*** Dataset content ***

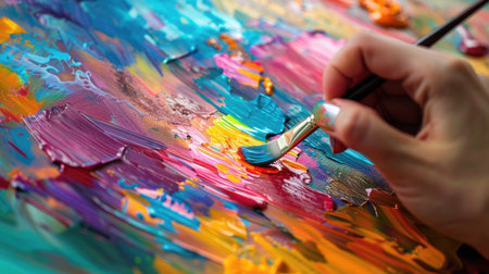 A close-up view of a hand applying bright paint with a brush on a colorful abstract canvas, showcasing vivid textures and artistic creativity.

*** End of Dataset content ***
*** Dataset content ***

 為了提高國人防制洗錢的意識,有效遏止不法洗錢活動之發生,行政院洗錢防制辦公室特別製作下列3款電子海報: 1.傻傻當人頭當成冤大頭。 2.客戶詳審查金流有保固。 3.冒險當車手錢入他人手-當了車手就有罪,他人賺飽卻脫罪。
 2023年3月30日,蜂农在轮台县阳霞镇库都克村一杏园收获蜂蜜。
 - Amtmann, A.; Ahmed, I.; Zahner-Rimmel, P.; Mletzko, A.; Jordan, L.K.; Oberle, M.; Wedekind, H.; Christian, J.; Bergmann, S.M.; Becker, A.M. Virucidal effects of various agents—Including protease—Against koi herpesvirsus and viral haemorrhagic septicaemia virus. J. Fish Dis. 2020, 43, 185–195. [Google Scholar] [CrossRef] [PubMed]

*** End of Dataset content ***
*** Dataset content ***

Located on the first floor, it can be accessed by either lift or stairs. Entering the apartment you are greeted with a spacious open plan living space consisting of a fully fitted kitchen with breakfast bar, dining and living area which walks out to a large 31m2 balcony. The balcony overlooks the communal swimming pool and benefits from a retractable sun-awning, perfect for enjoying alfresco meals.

*** End of Dataset content ***

• [Task to carry out]
Leave out every line above except those from the line with "1.傻傻當人頭當成冤大頭。 2.客戶詳審查金流有保固。 3.冒險當車手錢入他人手-當了車手就有罪,他人賺飽卻脫罪。" up to and including the line with "- Amtmann, A.;", and copy those exactly.

• [Response below]
 為了提高國人防制洗錢的意識,有效遏止不法洗錢活動之發生,行政院洗錢防制辦公室特別製作下列3款電子海報: 1.傻傻當人頭當成冤大頭。 2.客戶詳審查金流有保固。 3.冒險當車手錢入他人手-當了車手就有罪,他人賺飽卻脫罪。
 2023年3月30日,蜂农在轮台县阳霞镇库都克村一杏园收获蜂蜜。
 - Amtmann, A.; Ahmed, I.; Zahner-Rimmel, P.; Mletzko, A.; Jordan, L.K.; Oberle, M.; Wedekind, H.; Christian, J.; Bergmann, S.M.; Becker, A.M. Virucidal effects of various agents—Including protease—Against koi herpesvirsus and viral haemorrhagic septicaemia virus. J. Fish Dis. 2020, 43, 185–195. [Google Scholar] [CrossRef] [PubMed]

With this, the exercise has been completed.